Mycobacterium tuberculosis controls host innate immune activation through cyclopropane modification of a glycolipid effector molecule.

Division of Infectious Diseases, Sloan Kettering Institute, Memorial Sloan Kettering Cancer Center, New York, NY 10021, USA.
Journal of Experimental Medicine (Impact Factor: 13.91). 03/2005; 201(4):535-43. DOI: 10.1084/jem.20041668
Source: PubMed

ABSTRACT Mycobacterium tuberculosis (Mtb) infection remains a global health crisis. Recent genetic evidence implicates specific cell envelope lipids in Mtb pathogenesis, but it is unclear whether these cell envelope compounds affect pathogenesis through a structural role in the cell wall or as pathogenesis effectors that interact directly with host cells.
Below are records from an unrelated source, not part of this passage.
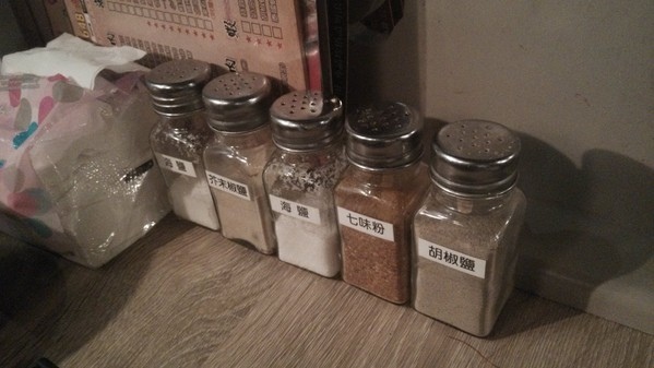 調味料區--除了餐具旁的醬汁外,另外在一旁也會有調味粉末的
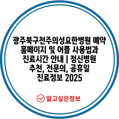 광주북구천주의성요한병원 예약 홈페이지 및 어플 사용법과 진료시간 공지 | 정신병원 추천, 전연락, 공휴일 진료정보 2025 에 대해 자주 묻는 질문 TOP 5
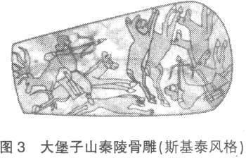 秦人与斯基泰人的这种亲密的关系.也不乏地下出土文物的验证。在甘肃大堡子山秦陵出土物中,有一两面线雕的骨片。骨片呈鞋舌状,上面线刻有骑猎图。人物披发、深目、高鼻、络腮胡子,身着紧身束带长衣,脚蹬靴子,拉弓射箭,追猎一群虎、鹿动物,充满动感,颇似以野兽纹著称的斯基泰艺术。而另一件骨雕作品传出于天水地区。其上也刻有射猎图。人物戴尖顶帽,状类武士。以动感强烈的线刻手法,突显了斯基泰艺术的风格。
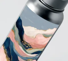 Een betoverend abstract kunstwerk met wervelende, levendige tinten blauw, groen en goud. De ingewikkelde lijnen en patronen roepen een gevoel op van kosmische diepte en etherische schoonheid. Dit stuk is perfect om een vleugje elegantie en verfijning toe te voegen aan elke ruimte.

Here we show that cyclopropane modification of the Mtb cell envelope glycolipid trehalose dimycolate (TDM) is critical for Mtb growth during the first week of infection in mice. In addition, TDM modification by the cyclopropane synthase pcaA was both necessary and sufficient for proinflammatory activation of macrophages during early infection. Purified TDM isolated from a cyclopropane-deficient pcaA mutant was hypoinflammatory for macrophages and induced less severe granulomatous inflammation in mice, demonstrating that the fine structure of this glycolipid was critical to its proinflammatory activity. These results established the fine structure of lipids contained in the Mtb cell envelope as direct effectors of pathogenesis and identified temporal control of host immune activation through cyclopropane modification of TDM as a critical pathogenic strategy of Mtb.